You and John will be in my prayers, as always.

Ro

I'm keeping you and your loved ones in my thoughts.

May your mother's journey to the other side be filled with light and love.

Take care of yourself and much love back to you...
Oh Judy, I'm so sorry that you are going through this. Your mom will live on in your heart and memory. And in the memory of all of those who knew and loved her. My thoughts and prayers are with you, John, and your mom. Much love to you all. And may your mom pass through the veil peacefully when she goes. If you need me, I'm here. If you want to talk, cry, or reminisce... you know where to find me.

Love you lots!
Dearest Judy, I wish I had words to offer you at this time that would give you some small comfort. I wish I was there to give you a hug full of love and comfort. I wish I could make this time somehow easier for you. With all my heart I send all my love and care and support, and know that the One who made us all will carry it across the miles to you. You're not alone, dear Judy. I'm so glad too that you and your mum had the conversation you had to have no matter how difficult it would have been at the time. It must be a great comfort to her to know that you and John and her family are prepared to carry out her wishes as she prepares for the long journey home, which really isn't all that long.
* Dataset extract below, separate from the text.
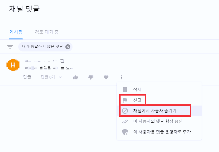 유튜브 댓글차단 및 신고하기
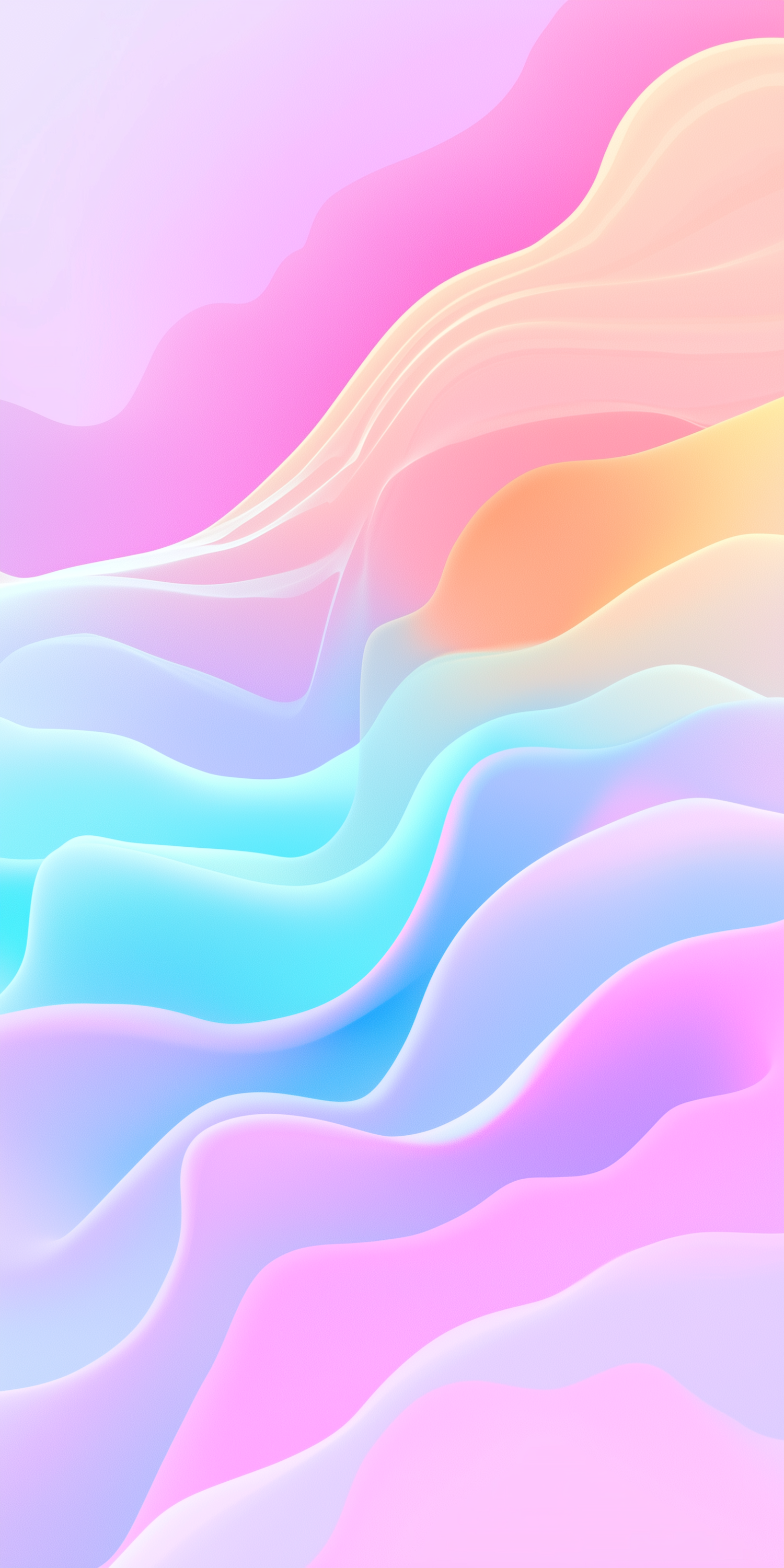 Dreamy pastel waves in pink, blue, and yellow create a calming abstract design with smooth gradients and flowing motion.

I love you Judy and John, no matter how far apart we are, and you and your mum are in my prayers and love tonight and for as long as you need that hon.

Much love,
Vicki (and Pogo who would give you kisses if she understood)
Oh hon.....

{{{{{{{{{{{{{{{{{HUGE HUGS}}}}}}}}}}

There are no words to make this easier for you. I am happy to know that at least you will be able to arrange things as she wished and that there will be no big stressful decision as to *what* to do since you both discussed it and prepared for it legally.

May I say that your words above about her journey from this life to the next were quite touching. Though I know that what you must be going through isn't easy.

All I can do is offer you my support, understanding and love and prayers during this time. Please - please - if you need *anything*, an ear.. whatever it may be... you know where I am.

Love to you and John!
We've only barely known each other in passing through the fandom, but my thoughts and good wishes are with you and your family now. I know this isn't easy, no matter how much you're prepared. I hope this comes out right: I wish your mother and easy, gentle passing and may she find all her loved ones waiting for her on the other side. Peace be with all of you.

I just wanted you to know...

...that ever since you posted this you and your mum have been in my thoughts and heart every single day and you haven't been forgotten. Much love and warm hugs to you dear Judy.